The .NET Framework provides three ways to emit Microsoft intermediate language (MSIL), each with its own security issues:

Regardless of the way you generate dynamic code, executing the generated code requires all the permissions that are required by the types and methods the generated code uses.

NoteNote:

The permissions that are required for reflecting on code and emitting code have changed with succeeding releases of the .NET Framework. See Version Information, later in this topic.

Dynamic assemblies are created by using overloads of the AppDomain.DefineDynamicAssembly method. The permissions that are required depend on the overload that is used. Overloads that supply evidence, for example, require SecurityPermission with the SecurityPermissionFlag.ControlEvidence flag. Some overloads require no permissions and can be called from code that has only Internet permissions.

Code in a dynamic assembly can access visible types and members in other assemblies.

NoteNote:

Dynamic assemblies do not use the ReflectionPermissionFlag.MemberAccess and ReflectionPermissionFlag.RestrictedMemberAccess flags that allow dynamic methods to access nonpublic types and members.

Generating code with debug symbols requires ReflectionPermission with the ReflectionPermissionFlag.ReflectionEmit flag.

Transient dynamic assemblies are created in memory and never saved to disk, so they require no file access permissions.
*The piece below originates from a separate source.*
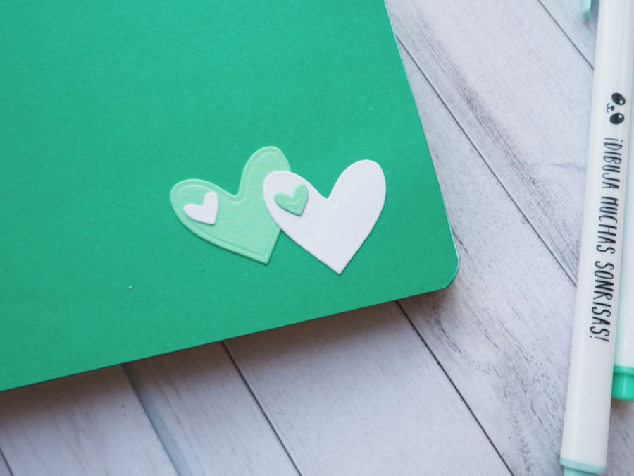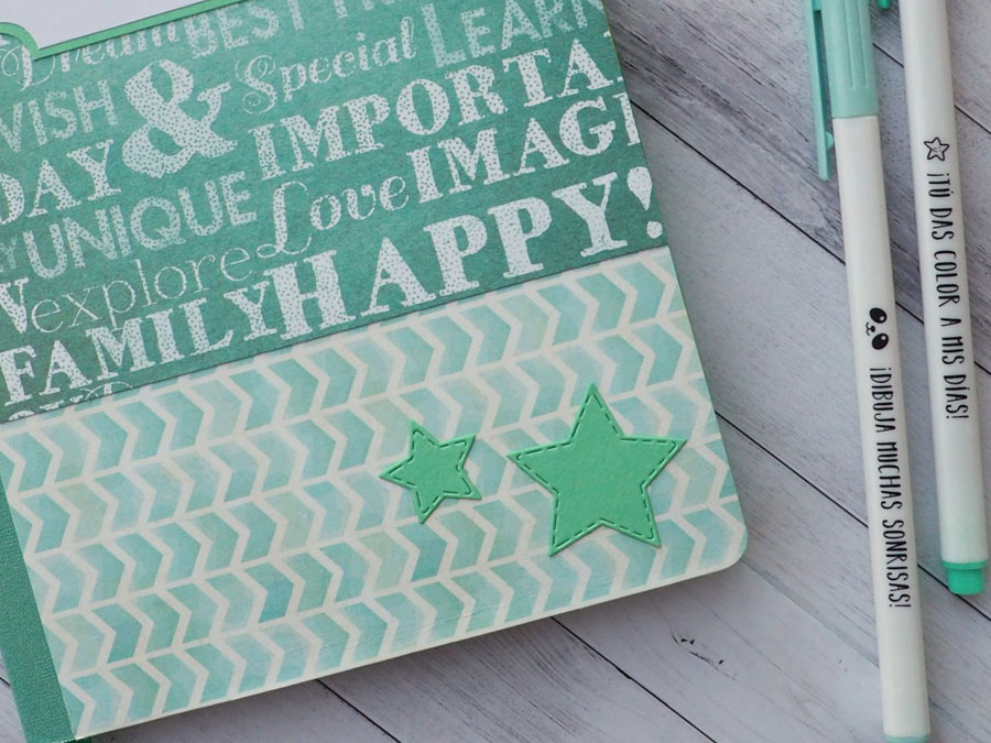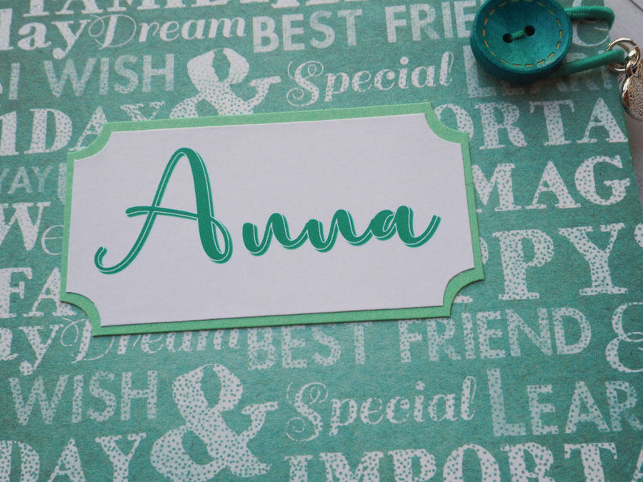 Es una libreta alterada decorada en tonos verdes. No soy muy fan del color verde, de hecho cuando me encargan algo en esos tonos me cuesta la vida crear algo bonito! pero creo que en este caso salí airosa de la situación 🙂 La decoré con dos papeles diferentes y con tela de encuadernar en el lomo. Cierre de goma con unos charms colgados, un par de estrellas troqueladas y el nombre impreso. El lateral de las hojas las tinté con tinta distress, porque la libreta estaba manchada y quería disimular la mancha, y la verdad es que me gustó el resultado. A veces de los errores en el scrap se aprenden cosas bonitas!! El interior lleva unos bolsillos con unos tags…. Os dejo todas las fotos, a ver si os gusta:

Saving a dynamic assembly to disk requires FileIOPermission with the appropriate flags.

Generating Dynamic Assemblies from Partially Trusted Code

Consider the conditions in which an assembly with Internet permissions can generate a transient dynamic assembly and execute its code:

  • The dynamic assembly uses only public types and members of other assemblies.

  • The permissions demanded by those types and members are included in the grant set of the partially trusted assembly.

  • The DefineDynamicAssembly method overload that is used to create the dynamic assembly requires no special permissions (that is, no evidence is supplied, and so on).

  • The assembly is not saved to disk.

  • Debug symbols are not generated. (Internet and LocalIntranet permission sets do not include the ReflectionPermissionFlag.ReflectionEmit flag.)

Establishing Permissions for Dynamic Assemblies

In the following list, "emitter" is the assembly that generates the dynamic assembly.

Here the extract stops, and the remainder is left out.